* [Aim of the exercise] Below are several entries. Transcribe exactly those lines that fall from the one with "Elegantes zapatos de" through the one with "Teenage woman holding", end lines included.

* [Information]

::::

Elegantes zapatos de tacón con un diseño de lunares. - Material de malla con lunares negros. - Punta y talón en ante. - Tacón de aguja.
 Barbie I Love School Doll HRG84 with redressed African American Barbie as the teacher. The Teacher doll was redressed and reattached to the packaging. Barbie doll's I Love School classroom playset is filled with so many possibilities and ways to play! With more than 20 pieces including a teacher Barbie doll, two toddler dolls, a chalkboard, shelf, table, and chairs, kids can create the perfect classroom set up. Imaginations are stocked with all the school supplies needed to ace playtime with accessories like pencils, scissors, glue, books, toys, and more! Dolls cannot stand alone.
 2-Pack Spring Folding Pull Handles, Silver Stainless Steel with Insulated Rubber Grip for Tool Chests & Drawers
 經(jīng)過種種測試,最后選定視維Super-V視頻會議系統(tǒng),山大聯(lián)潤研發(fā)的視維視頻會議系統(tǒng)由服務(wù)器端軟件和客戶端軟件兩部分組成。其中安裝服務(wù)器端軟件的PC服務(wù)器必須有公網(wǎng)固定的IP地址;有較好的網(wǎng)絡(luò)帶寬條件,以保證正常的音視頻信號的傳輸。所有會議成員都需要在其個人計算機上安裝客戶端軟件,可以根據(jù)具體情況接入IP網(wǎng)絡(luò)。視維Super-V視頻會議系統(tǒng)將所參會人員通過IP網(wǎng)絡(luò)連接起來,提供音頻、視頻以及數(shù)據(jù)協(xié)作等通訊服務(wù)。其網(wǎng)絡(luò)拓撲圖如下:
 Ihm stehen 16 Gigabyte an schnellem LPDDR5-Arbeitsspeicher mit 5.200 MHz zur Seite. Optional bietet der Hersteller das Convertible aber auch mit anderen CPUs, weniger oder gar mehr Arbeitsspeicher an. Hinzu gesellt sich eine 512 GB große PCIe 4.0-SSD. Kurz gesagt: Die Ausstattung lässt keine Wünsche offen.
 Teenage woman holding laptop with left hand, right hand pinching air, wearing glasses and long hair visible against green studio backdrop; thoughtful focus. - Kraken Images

::::

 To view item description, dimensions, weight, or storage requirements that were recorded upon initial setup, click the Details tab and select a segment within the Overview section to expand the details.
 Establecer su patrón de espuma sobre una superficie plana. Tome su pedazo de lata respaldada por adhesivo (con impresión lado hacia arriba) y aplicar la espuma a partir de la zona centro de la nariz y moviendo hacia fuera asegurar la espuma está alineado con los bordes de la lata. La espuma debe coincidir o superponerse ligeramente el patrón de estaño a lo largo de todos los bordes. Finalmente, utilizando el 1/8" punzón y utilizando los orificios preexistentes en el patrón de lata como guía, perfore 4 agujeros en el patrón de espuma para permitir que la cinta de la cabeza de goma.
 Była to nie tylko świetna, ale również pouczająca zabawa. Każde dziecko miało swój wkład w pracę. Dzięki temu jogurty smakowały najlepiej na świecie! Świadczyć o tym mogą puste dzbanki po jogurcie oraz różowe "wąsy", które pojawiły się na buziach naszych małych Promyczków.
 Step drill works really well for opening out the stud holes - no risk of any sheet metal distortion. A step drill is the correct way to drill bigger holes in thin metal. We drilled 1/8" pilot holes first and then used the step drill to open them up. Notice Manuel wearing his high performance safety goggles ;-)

::::

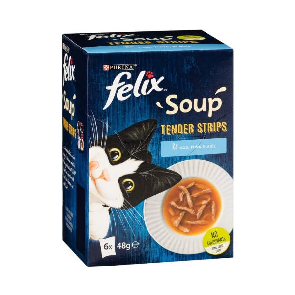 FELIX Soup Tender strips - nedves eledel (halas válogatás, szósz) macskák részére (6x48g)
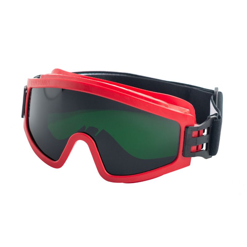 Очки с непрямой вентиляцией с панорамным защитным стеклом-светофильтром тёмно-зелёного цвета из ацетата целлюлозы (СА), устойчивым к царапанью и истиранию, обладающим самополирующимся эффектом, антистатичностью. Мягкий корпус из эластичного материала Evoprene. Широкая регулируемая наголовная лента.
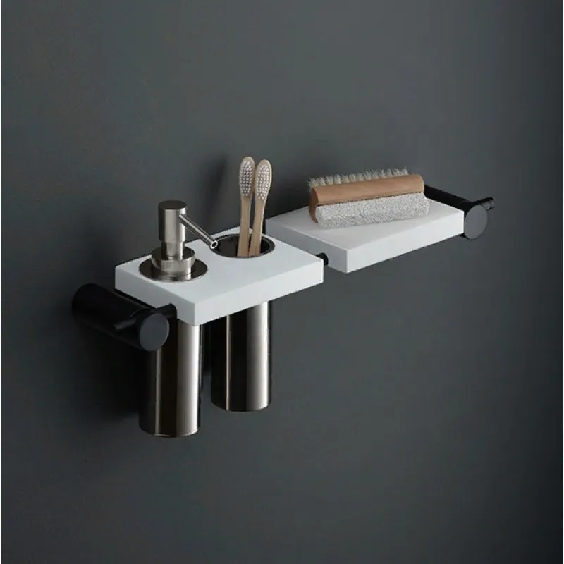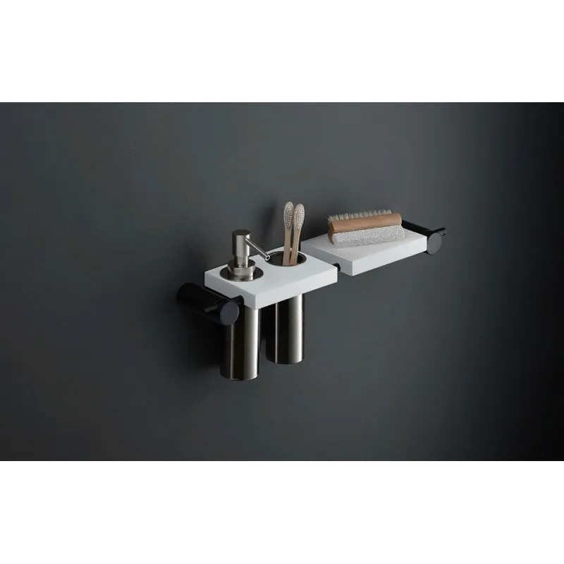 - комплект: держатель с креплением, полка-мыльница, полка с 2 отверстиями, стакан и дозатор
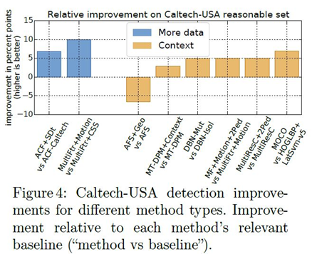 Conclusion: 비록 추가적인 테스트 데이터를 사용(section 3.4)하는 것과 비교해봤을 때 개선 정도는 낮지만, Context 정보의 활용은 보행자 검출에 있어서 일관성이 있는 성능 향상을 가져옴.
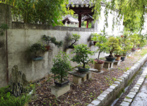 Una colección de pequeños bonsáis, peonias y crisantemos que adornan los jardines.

::::

* [The answer]
Elegantes zapatos de tacón con un diseño de lunares. - Material de malla con lunares negros. - Punta y talón en ante. - Tacón de aguja.
 Barbie I Love School Doll HRG84 with redressed African American Barbie as the teacher. The Teacher doll was redressed and reattached to the packaging. Barbie doll's I Love School classroom playset is filled with so many possibilities and ways to play! With more than 20 pieces including a teacher Barbie doll, two toddler dolls, a chalkboard, shelf, table, and chairs, kids can create the perfect classroom set up. Imaginations are stocked with all the school supplies needed to ace playtime with accessories like pencils, scissors, glue, books, toys, and more! Dolls cannot stand alone.
 2-Pack Spring Folding Pull Handles, Silver Stainless Steel with Insulated Rubber Grip for Tool Chests & Drawers
 經(jīng)過種種測試,最后選定視維Super-V視頻會議系統(tǒng),山大聯(lián)潤研發(fā)的視維視頻會議系統(tǒng)由服務(wù)器端軟件和客戶端軟件兩部分組成。其中安裝服務(wù)器端軟件的PC服務(wù)器必須有公網(wǎng)固定的IP地址;有較好的網(wǎng)絡(luò)帶寬條件,以保證正常的音視頻信號的傳輸。所有會議成員都需要在其個人計算機上安裝客戶端軟件,可以根據(jù)具體情況接入IP網(wǎng)絡(luò)。視維Super-V視頻會議系統(tǒng)將所參會人員通過IP網(wǎng)絡(luò)連接起來,提供音頻、視頻以及數(shù)據(jù)協(xié)作等通訊服務(wù)。其網(wǎng)絡(luò)拓撲圖如下:
 Ihm stehen 16 Gigabyte an schnellem LPDDR5-Arbeitsspeicher mit 5.200 MHz zur Seite. Optional bietet der Hersteller das Convertible aber auch mit anderen CPUs, weniger oder gar mehr Arbeitsspeicher an. Hinzu gesellt sich eine 512 GB große PCIe 4.0-SSD. Kurz gesagt: Die Ausstattung lässt keine Wünsche offen.
 Teenage woman holding laptop with left hand, right hand pinching air, wearing glasses and long hair visible against green studio backdrop; thoughtful focus. - Kraken Images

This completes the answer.